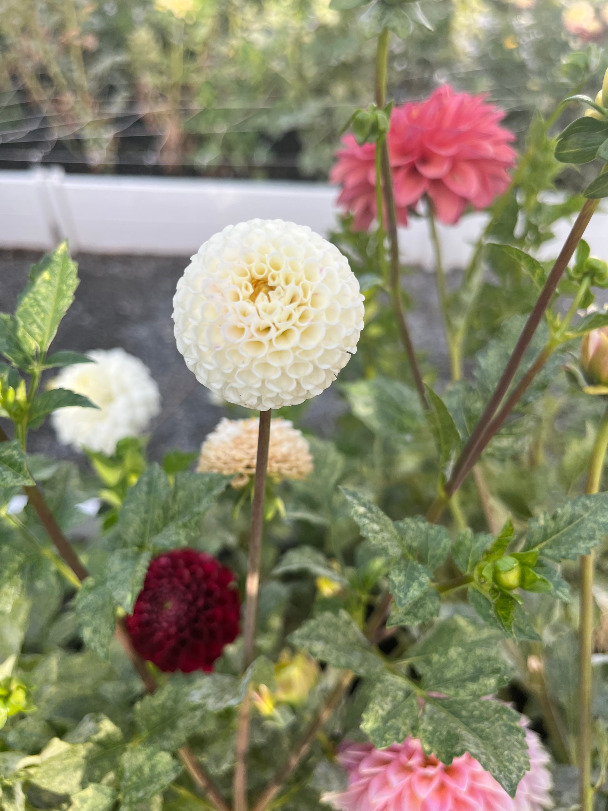 The Bowen dahlia is a creamy white pompon dahlia with blooms up to 2 inches. This is a perfect dahlia to add to bridal bouquets. Plants are 4 feet tall and have long sturdy stems.
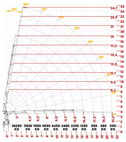 Equipado com até 6 lanças hidráulicas e 3 manuais. Com um ângulo de elevação de 80° e capacidade máxima de carga de 11.020 kg, proporciona robustez e precisão em cada elevação. Além disso, seu ângulo de giro de 360° e a abertura das sapatas de 7.208mm garantem uma ampla área de trabalho, tornando-o essencial para aplicações exigentes onde segurança e eficiência são primordiais.
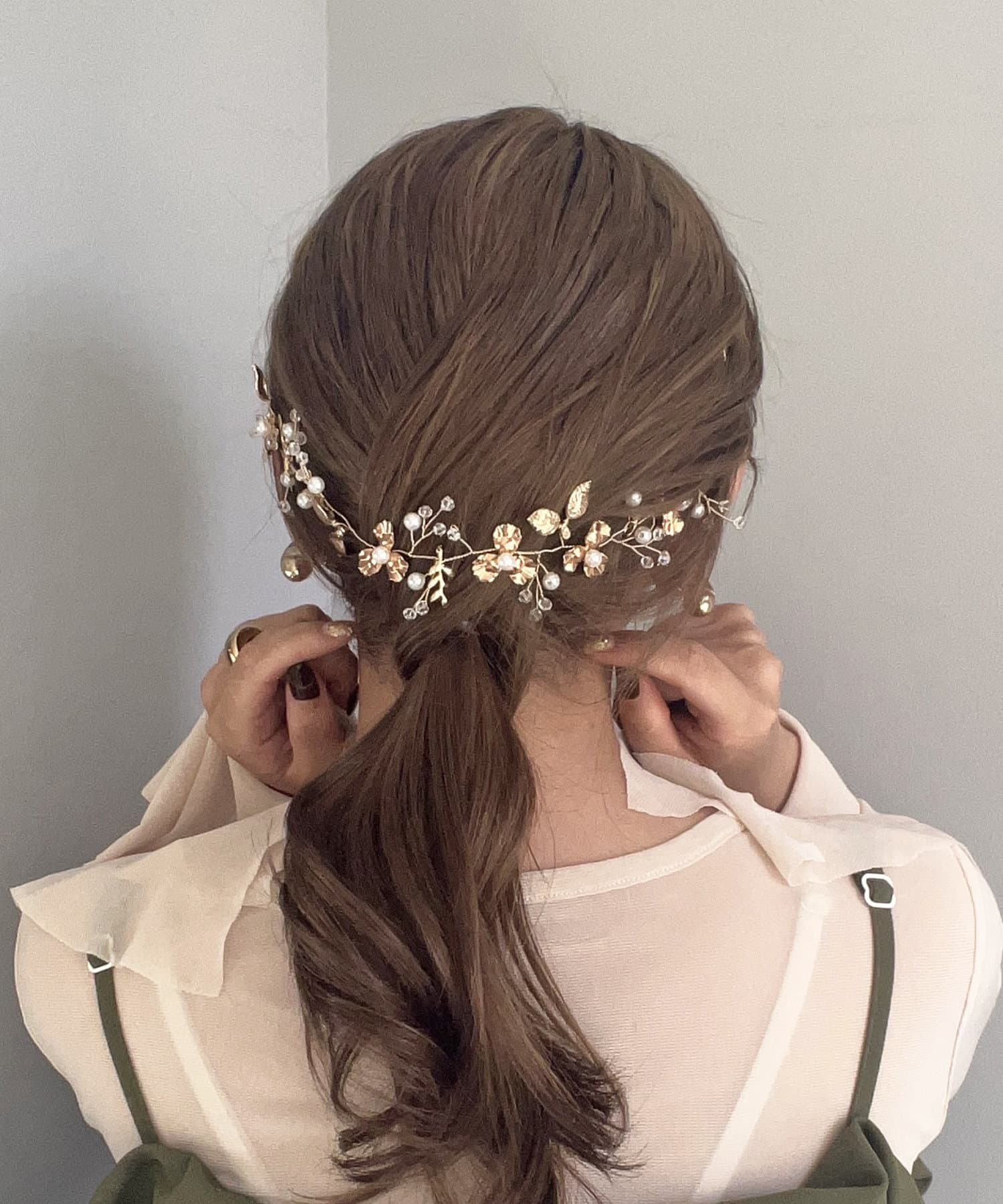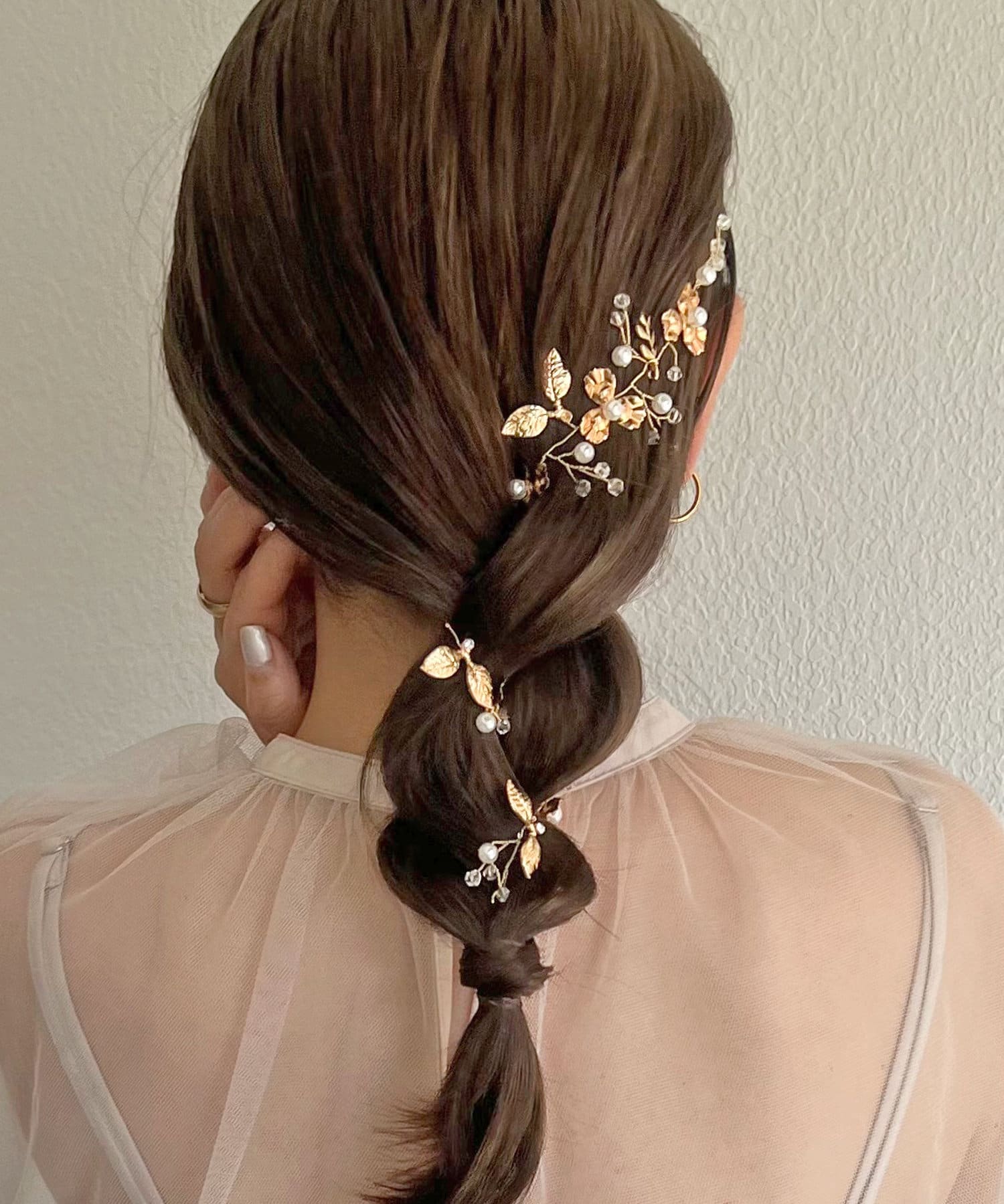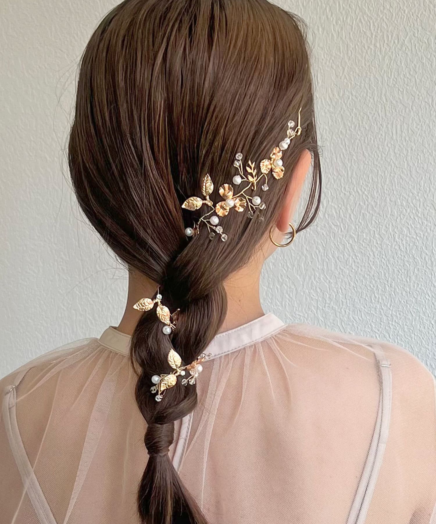髪に留めるだけで簡単に華やかヘアに仕上がります。
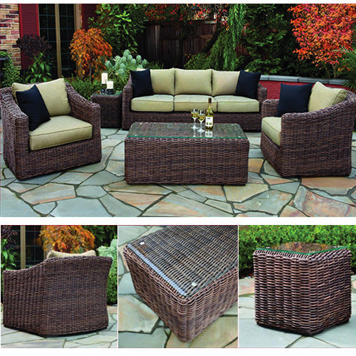 Salotto in kit in polirattan composto da divano, due poltrone e due tavolini con vetro temperato. Il set comprende anche cuscini di spessore 13 cm.
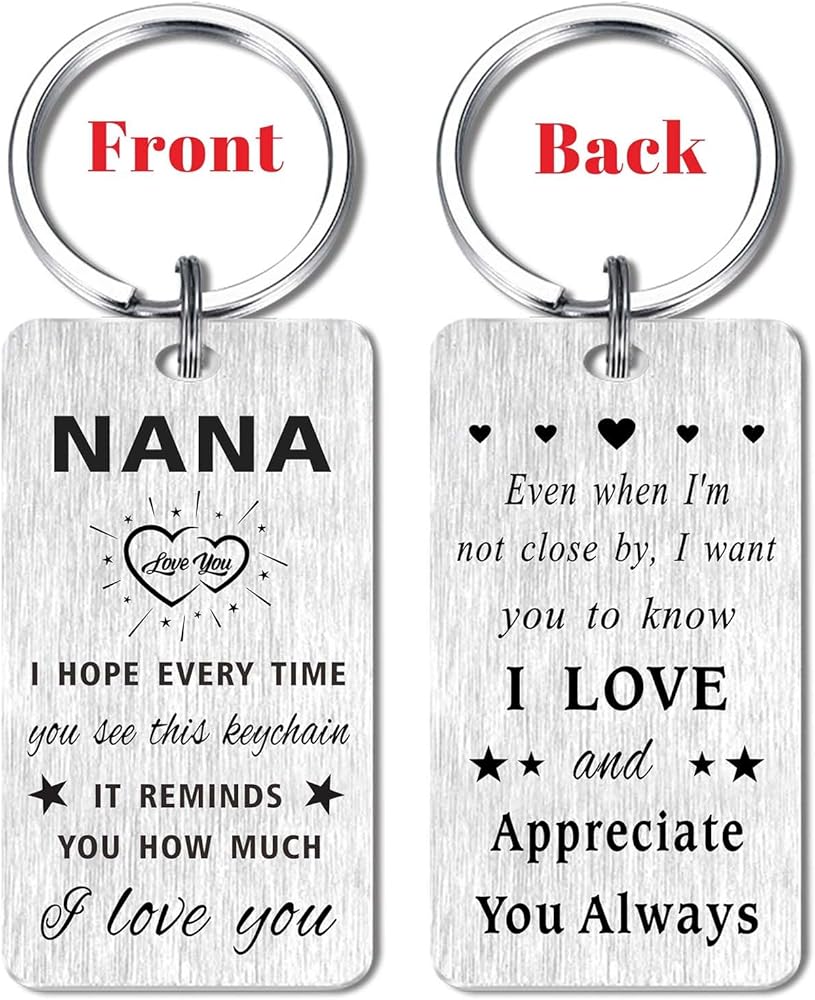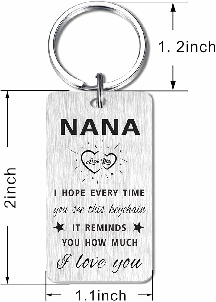 • Mothers Day Gifts For Nana - The best nana keychain engraved both side" front side: nana, I hope every time you see this keychain, it reminds you how much I love you, back side: even when I am not close by, I want you to know I love and and appreciate you always."
§ §
From the line holding "Equipado com até" to the line holding "Salotto in kit", both included, retype the entries above exactly and drop the pictures.

◆ **REPLY**:
 Equipado com até 6 lanças hidráulicas e 3 manuais. Com um ângulo de elevação de 80° e capacidade máxima de carga de 11.020 kg, proporciona robustez e precisão em cada elevação. Além disso, seu ângulo de giro de 360° e a abertura das sapatas de 7.208mm garantem uma ampla área de trabalho, tornando-o essencial para aplicações exigentes onde segurança e eficiência são primordiais.
髪に留めるだけで簡単に華やかヘアに仕上がります。
 Salotto in kit in polirattan composto da divano, due poltrone e due tavolini con vetro temperato. Il set comprende anche cuscini di spessore 13 cm.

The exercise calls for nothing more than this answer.